December 05, 2024, 08:07:51 AM #42 Last Edit: December 05, 2024, 08:17:25 AM by OPNenthu
I might have found the culprit, or at least a contributor.

The Protectli V1410 comes with eMMC onboard but it also has an NVME storage option.  I installed a Kingston NV2 256GB into it as this drive is sold/recommended by Protectli also, and they provided thermal pads for me to install the SSD.

I don't think I can measure the eMMC temperature but the NVME is visible and it's rather warm in this system.  Maybe it's contributing to the deviations observed by @franco and @meyergru from my earlier numbers? 

I'm thinking that Protectli quality control would be catching issues of poor thermal interface/paste, and they do claim to bench test each device before shipping.  It's part of what you get purchasing from them rather than AliExpress... and I'm sure the same goes for Deciso in Europe.

Maybe the SSD is taking some of the heatsink capacity that would otherwise go to the CPU.

Linux 'lm_sensors' output (NVME top, CPU bottom):


[root@localhost-live ~]# sensors
nvme-pci-0300
Adapter: PCI adapter
Composite:    +44.9°C  (low  =  -0.1°C, high = +76.8°C)
                       (crit = +78.8°C)
ERROR: Can't get value of subfeature temp3_min: I/O error
ERROR: Can't get value of subfeature temp3_max: I/O error
Sensor 2:     +51.9°C  (low  =  +0.0°C, high =  +0.0°C)

coretemp-isa-0000
Adapter: ISA adapter
Package id 0:  +48.0°C  (high = +105.0°C, crit = +105.0°C)
Core 0:        +40.0°C  (high = +105.0°C, crit = +105.0°C)
Core 1:        +40.0°C  (high = +105.0°C, crit = +105.0°C)
Core 2:        +40.0°C  (high = +105.0°C, crit = +105.0°C)
Core 3:        +40.0°C  (high = +105.0°C, crit = +105.0°C)


FreeBSD 'nvmecontrol' (temperature sensor 2 near bottom):


root@firewall:/dev # nvmecontrol logpage -p 2 nvme0
SMART/Health Information Log
============================
Critical Warning State:         0x00
Available spare:               0
Temperature:                   0
Device reliability:            0
Read only:                     0
Volatile memory backup:        0
Temperature:                    318 K, 44.85 C, 112.73 F
Available spare:                100
Available spare threshold:      10
Percentage used:                0
Data units (512,000 byte) read: 94993
Data units written:             1627689
Host read commands:             3113795
Host write commands:            24545023
Controller busy time (minutes): 218
Power cycles:                   41
Power on hours:                 1361
Unsafe shutdowns:               10
Media errors:                   0
No. error info log entries:     20
Warning Temp Composite Time:    0
Error Temp Composite Time:      0
Temperature Sensor 2:           325 K, 51.85 C, 125.33 F
Temperature 1 Transition Count: 0
Temperature 2 Transition Count: 0
Total Time For Temperature 1:   0
Total Time For Temperature 2:   0


Comparing the 'lm_sensors' and 'sysctl dev.cpu' outputs from earlier, I feel somewhat confident that my real idle core temperature is in the 40-45C range.  It may become even less if I were to remove the NVME drive, but I'm not sure there is a real need.  I think these temperatures are still within spec-- but I'd appreciate some confirmation from others.

Coming back to the topic, I vote yes for 'sysctl dev.cpu' IF there is a way to implement it without sacrificing sensors that others depend on.  This method seems to make a difference even for me.

I vote no on the proposal for temperature averaging.  That would just give me a skewed average I guess.

"It does not work like that":

The connection between the CPU die and the NVME die is through two thermal bridges connecting both to the case at best, while I have seen cases where the NVME did not even touch it.

So, this connection is even more remote than the connection between the CPU die and most of the thermal "mass" of the case, so to speak.

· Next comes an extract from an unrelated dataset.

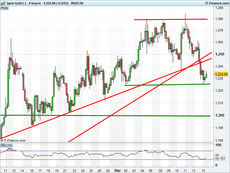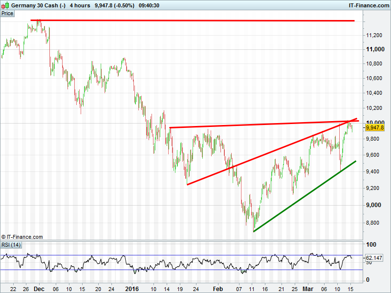 UK Index struggling under the weight of falling highs at 6140. DAX turned back from 10000 ceiling of rising channel. Wall Street back below 17200. Gold broken below rising support at $1240.

The fluctuations that you see suggest a bad transition between the CPU die and the case, so, if at all, the NVME heat only contributes an offset, not a fast fluctuation. Mind you, the temperature is measures directly on the CPU die.

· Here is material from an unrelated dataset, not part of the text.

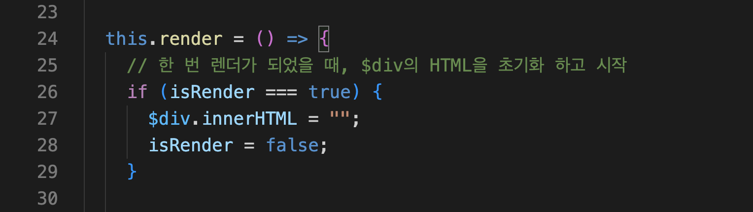 한 번 렌더가 되었을 때는 target 요소인 div의 자식 요소들을 초기화하고 Documents 목록을 렌더하는 것이다. 이 방법은 올바른 방법인지는 모르겠다. 현재는 코드 리뷰 확인사항에 요청해둔 상태이다.

So, sure, additional wattage by the NVME makes up for a higher general temperature level, but not for fast changes in CPU temps.

I will keep my mouth shut about Protecli, but I think they are not even comparable to Deciso.

Quote from: OPNenthu on December 05, 2024, 08:07:51 AM
Coming back to the topic, I vote yes for 'sysctl dev.cpu' IF there is a way to implement it without sacrificing sensors that others depend on.  This method seems to make a difference even for me.

Reducing output to "dev.cpu" in order to keep processing cost (and heat builtup) during measurement automatically limits it to that sysctl subtree, excluding outliers. So your IF can only be satisfied if there was a way to specify a list of other prefixes in order to include exotics.
Intel N100, 4 x I226-V, 16 GByte, 256 GByte NVME, ZTE F6005

1100 down / 440 up, Bufferbloat A+

Quote from: meyergru on December 05, 2024, 10:01:51 AM
"It does not work like that":

The connection between the CPU die and the NVME die is through two thermal bridges connecting both to the case at best, while I have seen cases where the NVME did not even touch it.

So, this connection is even more remote than the connection between the CPU die and most of the thermal "mass" of the case, so to speak. The fluctuations that you see suggest a bad transition between the CPU die and the case, so, if at all, the NVME heat only contributes an offset, not a fast fluctuation. Mind you, the temperature is measures directly on the CPU die.

So, sure, additional wattage by the NVME makes up for a higher general temperature level, but not for fast changes in CPU temps.

Good point here. 

I'm noticing though that I'm not the only person with an N5105 that is complaining about high temps.  There's another one in the 'Hardware & Performance' section, and another on Amazon reviews. 

How can I be sure that I am not an outlier relative to all the other N5105 users?  If I can show that my system is behaving erratically relative to all the others in its category then I think I could make a case for a replacement.

Maybe we need a 5105 owners thread to see if anyone else is having similar quick temperature transitions.


Quote
I will keep my mouth shut about Protecli, but I think they are not even comparable to Deciso.
Of course, not even in the same market or price segment.  One doesn't even sell rackmount gear.

Both companies have quality controls and stand behind with warranties and support, though.  That's my point.  You take a gamble with the AliExpress specials. :)

I'll say no more.  I'm a fan of both and would buy a Deciso if my budget allowed.

Quote
Reducing output to "dev.cpu" in order to keep processing cost (and heat builtup) during measurement automatically limits it to that sysctl subtree, excluding outliers. So your IF can only be satisfied if there was a way to specify a list of other prefixes in order to include exotics.

There was a proposal on GitHub to save the list of sensors from 'sysctl -a' at startup, as a one-time call.  From then on it would be possible to call 'sysctl' on them periodically.  It was not well received.